Tagged: cpp
Function Composition
The usefulness of higher order functions is hard to dispute, you can safely and easily write functions which combine the functionality of other functions. The most basic of higher order functions is function composition, the topic of this post.
There is no standard way to compose functions, especially since there is no standard way to resolve a function’s argument and return types.
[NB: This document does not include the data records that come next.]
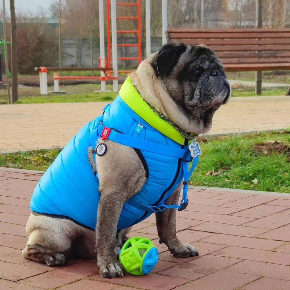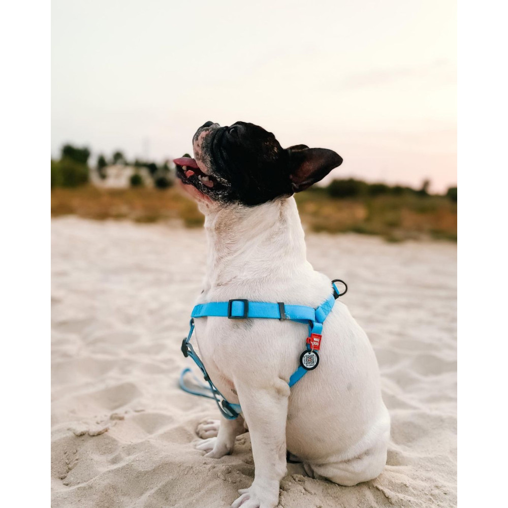 Чому варто обрати цю модель: на відміну від звичайних шлей, тут використовується надміцна фурнітура з алюмінієвого сплаву. Вона виглядає дорого, витримує великі навантаження, але при цьому залишається легкою. Блакитний колір шлеї не вигорає на сонці та чудово освіжає вигляд собаки, особливо у поєднанні з одягом для собак.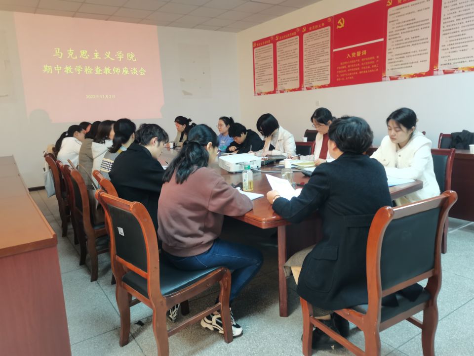 根据学校关于期中教学检查工作的整体安排,11月2日下午马克思主义学院在C507会议室组织召开期中教学检查教师座谈会,总结并反馈教师本学期工作情况,进一步了解课堂教学和管理过程中遇到的问题。马克思主义学院常务副院长刘双、各教研室主任、综合办公室负责人及马院全体任课教师全部参加,会议由刘双主持。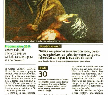 Una vez finalizada la presentación, fue el turno del director de Programación y Audiencias, Javier Ibacache, quien presentó las obras del 2016 entre las que destacan 32 creaciones nacionales de teatro, danza y música que estarán en estreno; la celebración de los 50 años de danza independiente en Chile y una temporada de programación familiar enfocada en los pueblos originarios.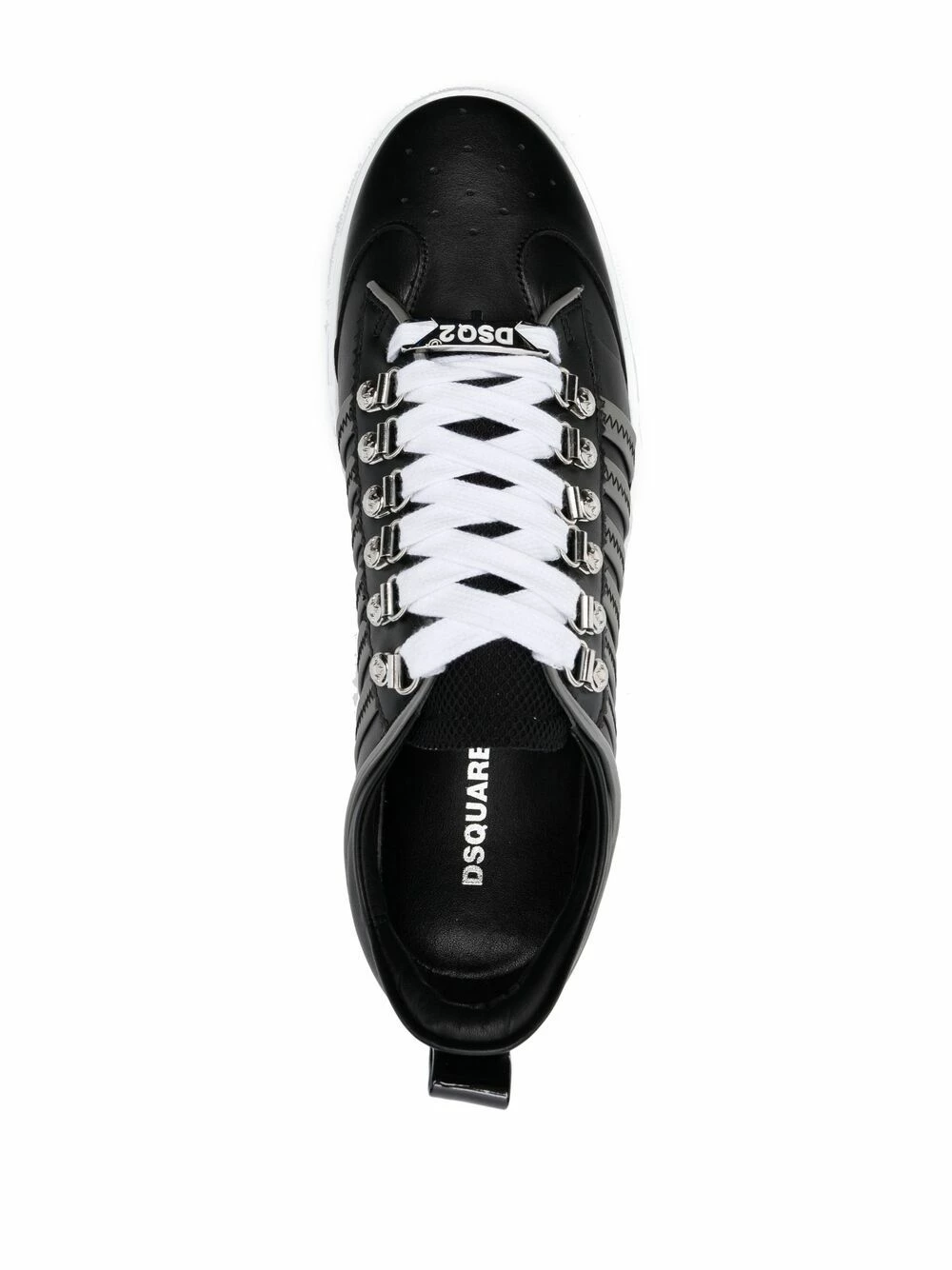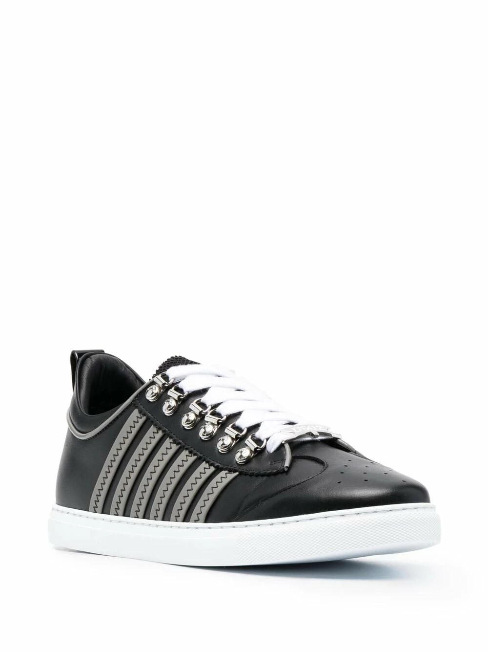 Détail de rayure latérale, languette d’enfilage au talon, fermeture à lacer sur le devant, semelle plate en caoutchouc, semelle intérieure griffée. Couleur : noir. Matière : cuir.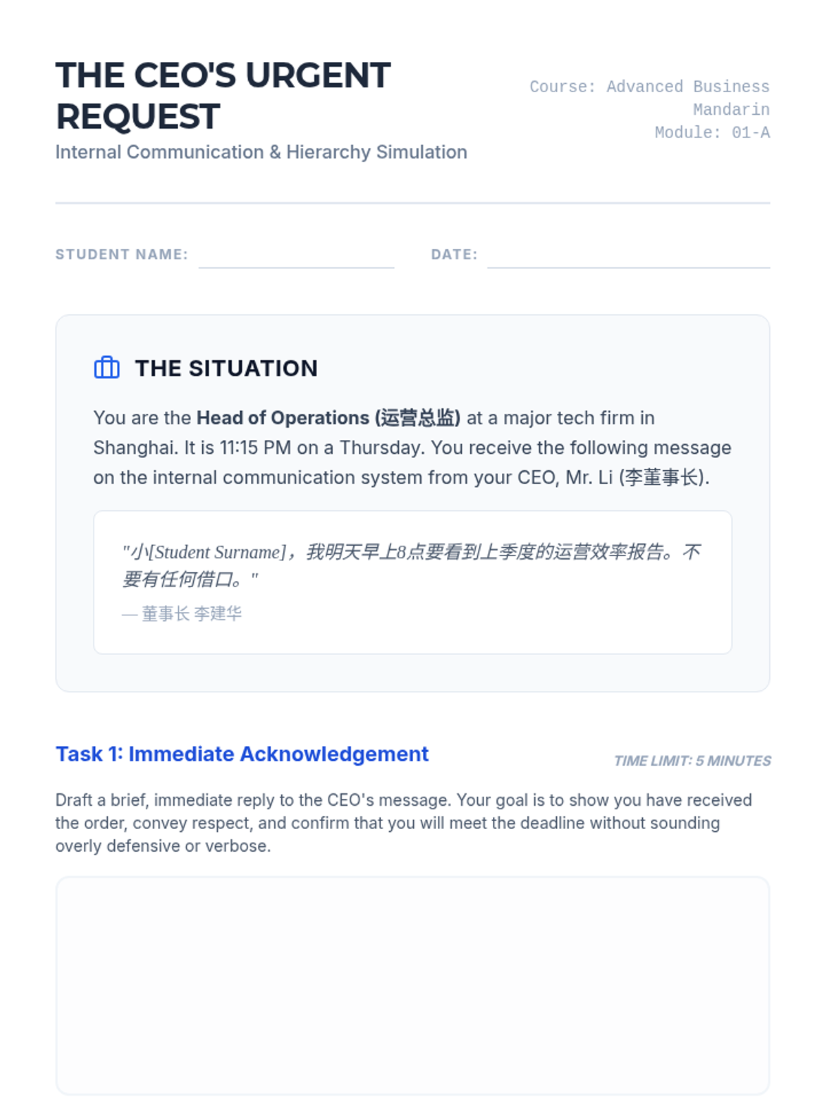 A comprehensive series for graduate students to master formal Mandarin communication within Chinese corporate environments. This sequence covers hierarchical protocol, negotiation tactics, the cultural nuances of 'face', formal written registers, and high-stakes meeting facilitation.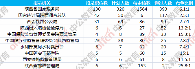 截至到31日9時,通過審核人數(shù)前三位的部門依次是:陜西省國家稅務局、國家統(tǒng)計局陜西調(diào)查總隊、西安鐵路公安局,三部門通過審核總人數(shù)達609人,占通過審核總人數(shù)的79.4%。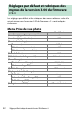 Les réglages par défaut et les rubriques des menus obtenus suite à la
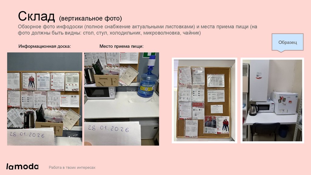 Склад (вертикальное фото)Обзорное фото инфодоски (полное снабжение актуальными листовками) и места приема пищи (на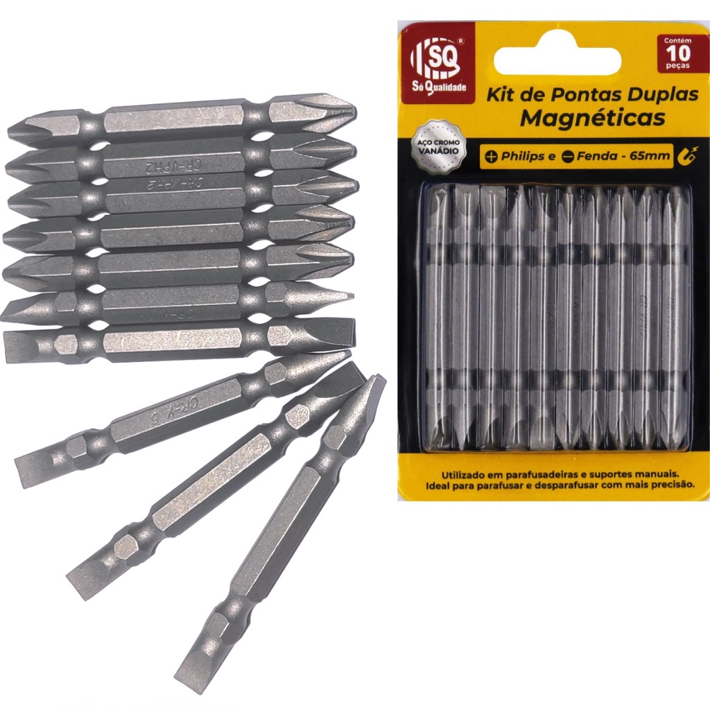 Kit Ponteira Parafusadeira Com 10 Bit Ponta Dupla Magnético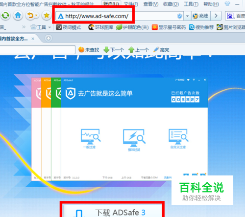直接进入“广告拦截专家”官网首页获取“ADsafe”软件的下载地址。

Good thing that we have function traits! I will also be making use of the generalized function evaluation discussed previously.
To keep the discussion simple, I will only discuss unary functions, though conceivably one could make some clever use of std::forward_as_tuple and make a very complete and complex implementation.
Let’s start with the basics:
#include <functional>
#include "eval.h"
#include "function_traits.h"
template<class F, class G>
auto compose(F&& f, G&& g)
-> std::function<typename function_traits<F>::return_type(
typename function_traits<G>::template argument<0>::type)>
{
using F_traits = typename function_traits<F>;
using G_traits = typename function_traits<G>;
static_assert(F_traits::arity == 1, "error: only unary functions can be composed.");
static_assert(G_traits::arity == 1, "error: only unary functions can be composed.");
using Arg = typename G_traits::template argument<0>::type;
return [=](Arg arg){return eval(f,eval(g,arg));};
}
Given two functions, f(x) and g(y), compose will give us h(y) = compose(f,g) = f(g(y)). Note the use of static asserts to enforce the use of unary functions as well as to determine the argument type for the returned function.
The trailing return type uses the function_traits to cast the lambda to a valid function object. In c++14, the return type can be omitted entirely, and frankly it’s a huge improvement. Just look at that thing.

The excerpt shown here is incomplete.